I grew up with electro-mechanical calculators and comptometers (basic multiplication, IIRC). The good thing about the calculators was that they printed out the number you input on cash-register receipt paper - that allowed you to check the calculations.
I sent out department store charge account statements in one of my jobs. We had 2 metal address plates for every customer - 1 for backup. I fed the plates into a machine, placed a blank statement form on the right spot, stepped on a switch, and the name would print on the blank statement. The AR dept. then put in the numbers - typing, IIRC.
Between HS and college, I got a job handling mail and document reproduction - Pitney-Bowes postage machine, photocopy (pre-Xerox process - really photos), ditto, and mimeo machines. The work was skilled enough to pay 50% above minimum ($59 and change every week, plus overtime).
After college, I also worked in a mail room of a bank for a brief period - once I carried a PB machine to get postage added - the check was for over $900,000.00. Once I put close to $250,000 of postage on a package. (My salary was $75/week.)
In college, one of the research aids documented what academic libraries held what documents and periodicals. If you saw a ref to a document ou wanted to follow-up on, you used the aid to find out where the doc might be and then wrote letters to request inter-library loans. A couple of times, I got letters from my library introducing me to another library and asking them to let me see specific materials - it was faster and more fun than requesting stuff via inter-library loan. (Now a lot of that stuff is digitized and available online.)
LD phone calls used to be very expensive and unusual, so people wrote letters and waited for response.
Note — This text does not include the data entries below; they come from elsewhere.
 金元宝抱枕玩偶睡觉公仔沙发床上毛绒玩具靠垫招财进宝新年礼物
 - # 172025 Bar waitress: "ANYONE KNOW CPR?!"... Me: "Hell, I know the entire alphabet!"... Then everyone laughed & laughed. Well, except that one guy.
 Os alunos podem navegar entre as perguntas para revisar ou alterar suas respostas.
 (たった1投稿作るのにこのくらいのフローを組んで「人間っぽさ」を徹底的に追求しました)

Imagine being 300 miles away from one's SO and having to wait for the mail to carry love letters back and forth....
[This message edited by sisoon at 8:52 AM, May 21st (Wednesday)]
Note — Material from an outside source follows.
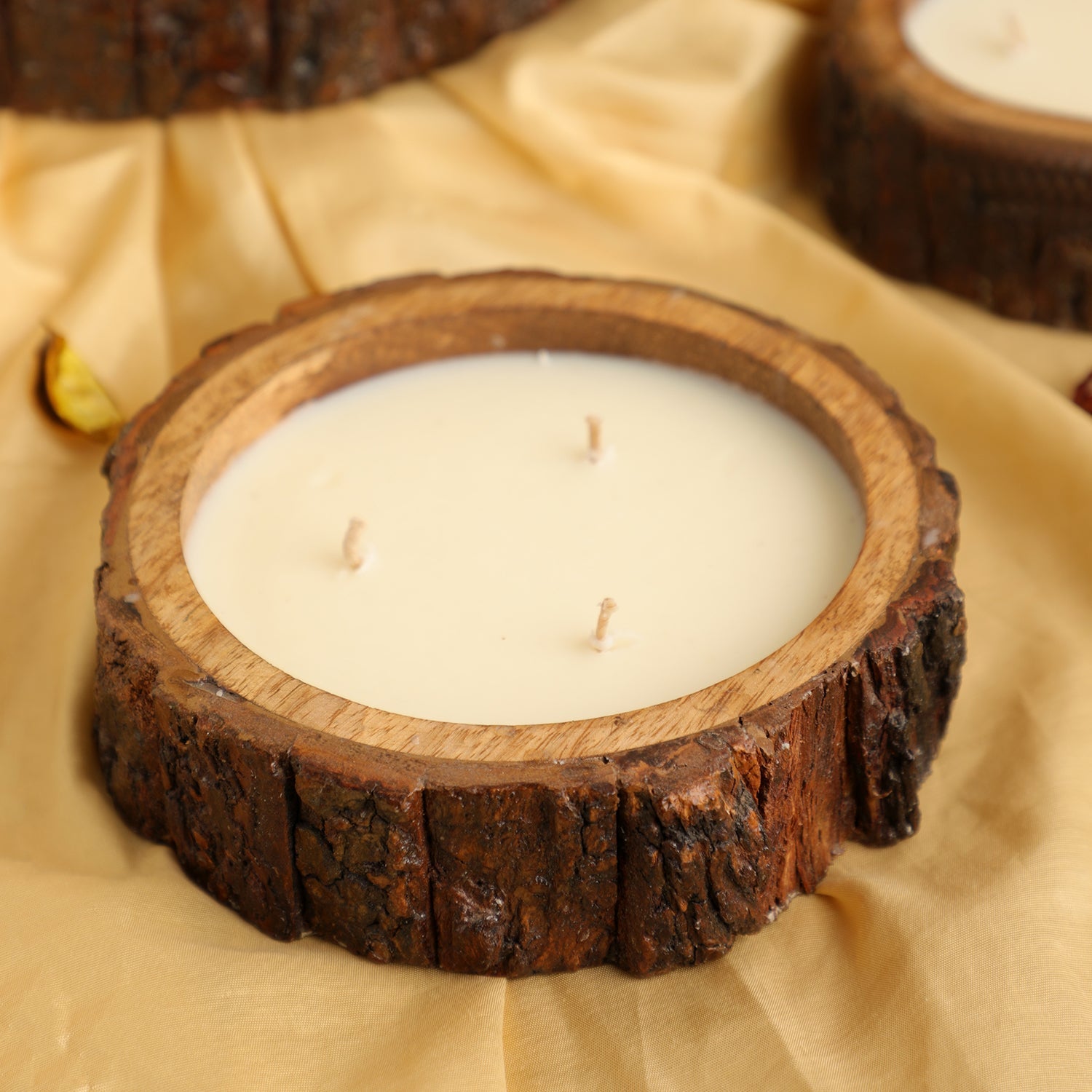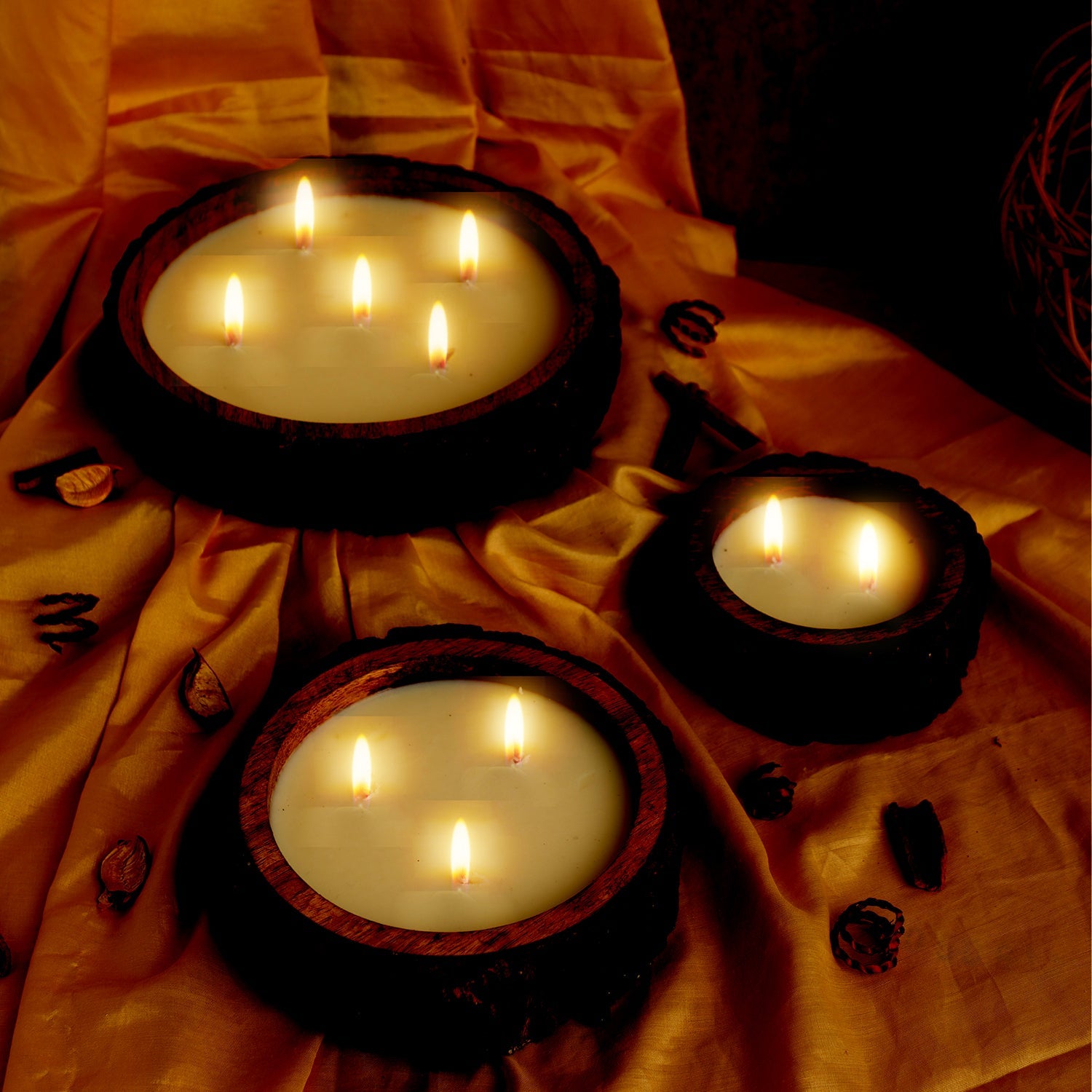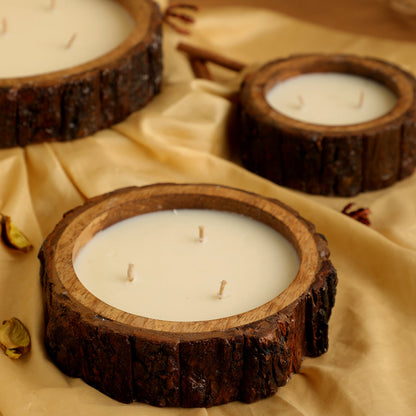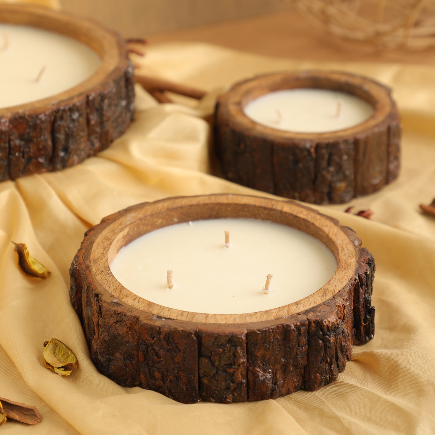 Traverse to the realm of nostalgia with this set of Mango wood rings filled with soy- coconut wax and adorned with the scent of lily of the valley. A perfect gift as a rustic yet redefined decor addition.

fBH (me) - on d-day: 66, Married 43, together 45, same sex apDDay - 12/22/2010Recover'd and R'edYou don't have to like your boundaries. You just have to set and enforce them.
TrulyReconciled ( member #3031) posted at 2:47 PM on Wednesday, May 21st, 2014
Got one of these 'computers' in 1972 from Radio Shack. More like an electronic slide rule. You put on headphones, used the first two dials to set up the 'problem' and then solved for it by turning the third dial until you heard a tone. Note the shipping weight of 6 pounds!
I think I have most of you beat ...
[This message edited by TrulyReconciled at 8:51 AM, May 21st (Wednesday)]
"In a time of deceit, telling the Truth is a revolutionary act."